» Activity
Write down the listing again exactly as it appears below, without its pictures.

» Data shown
+++
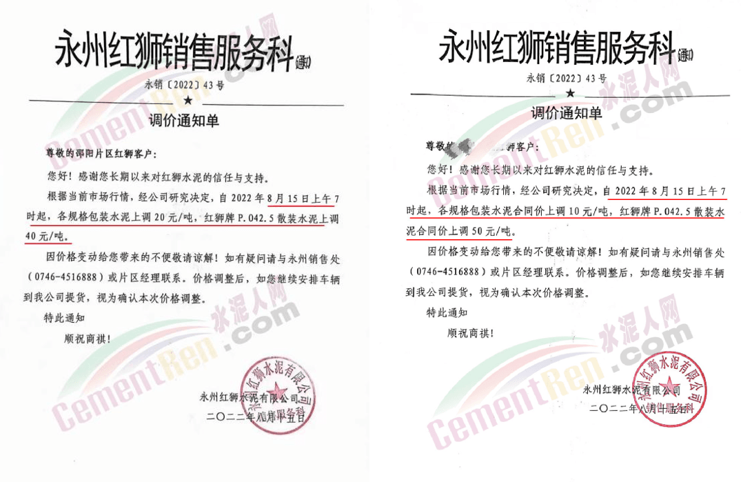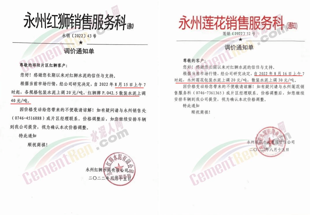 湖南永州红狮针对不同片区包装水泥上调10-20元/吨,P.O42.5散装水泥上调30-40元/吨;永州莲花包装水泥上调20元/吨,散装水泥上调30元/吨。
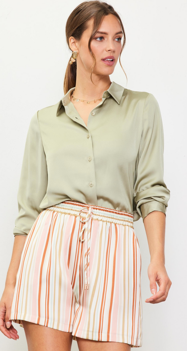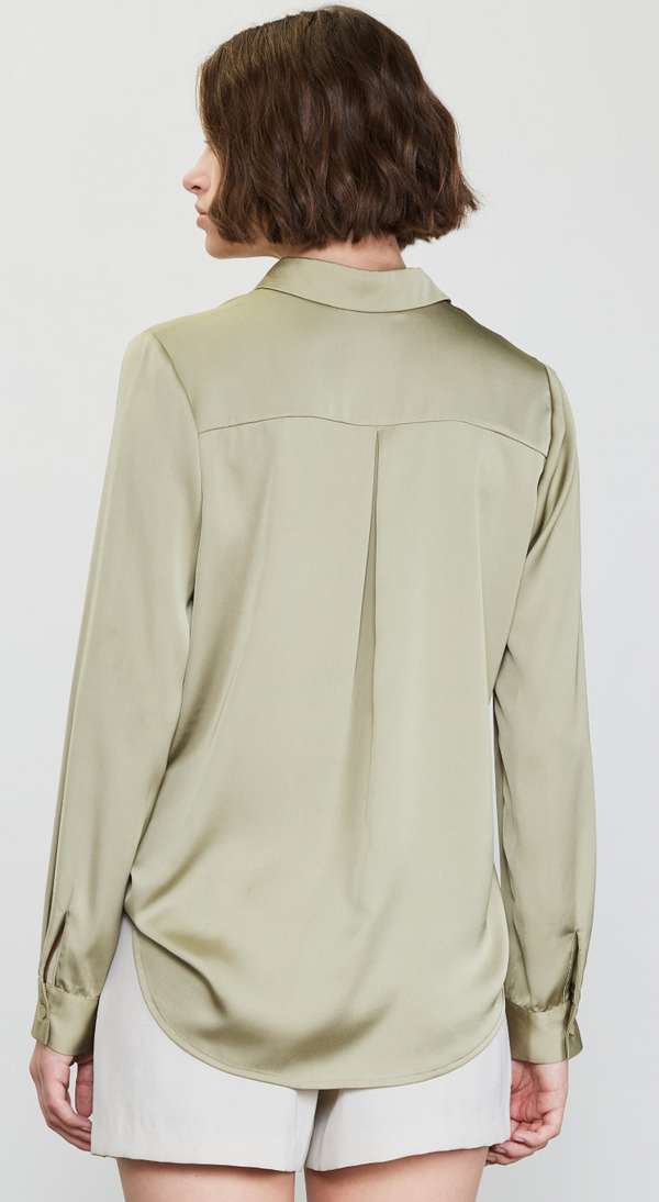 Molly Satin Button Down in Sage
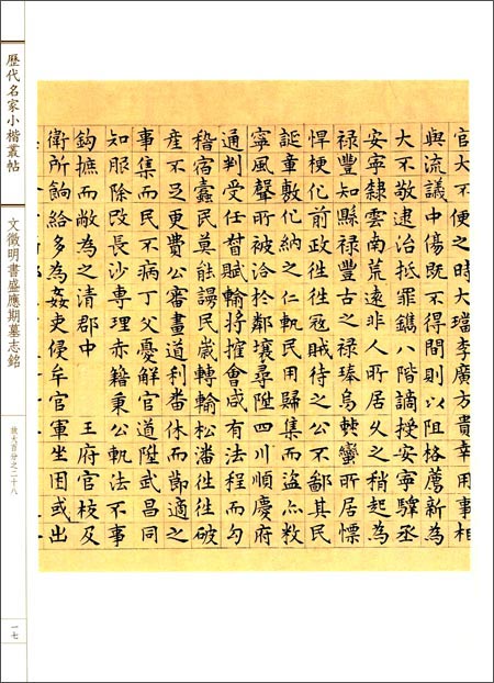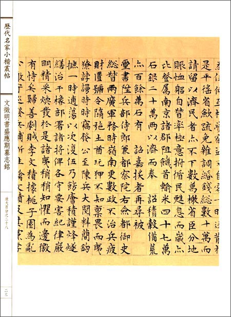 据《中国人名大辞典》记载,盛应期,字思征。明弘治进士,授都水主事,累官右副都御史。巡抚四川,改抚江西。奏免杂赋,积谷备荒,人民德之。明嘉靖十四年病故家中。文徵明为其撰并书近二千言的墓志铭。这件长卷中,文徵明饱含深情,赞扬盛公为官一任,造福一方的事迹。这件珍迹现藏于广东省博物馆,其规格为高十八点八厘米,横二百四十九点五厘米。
+++
» Exercise answer
 湖南永州红狮针对不同片区包装水泥上调10-20元/吨,P.O42.5散装水泥上调30-40元/吨;永州莲花包装水泥上调20元/吨,散装水泥上调30元/吨。
 Molly Satin Button Down in Sage
 据《中国人名大辞典》记载,盛应期,字思征。明弘治进士,授都水主事,累官右副都御史。巡抚四川,改抚江西。奏免杂赋,积谷备荒,人民德之。明嘉靖十四年病故家中。文徵明为其撰并书近二千言的墓志铭。这件长卷中,文徵明饱含深情,赞扬盛公为官一任,造福一方的事迹。这件珍迹现藏于广东省博物馆,其规格为高十八点八厘米,横二百四十九点五厘米。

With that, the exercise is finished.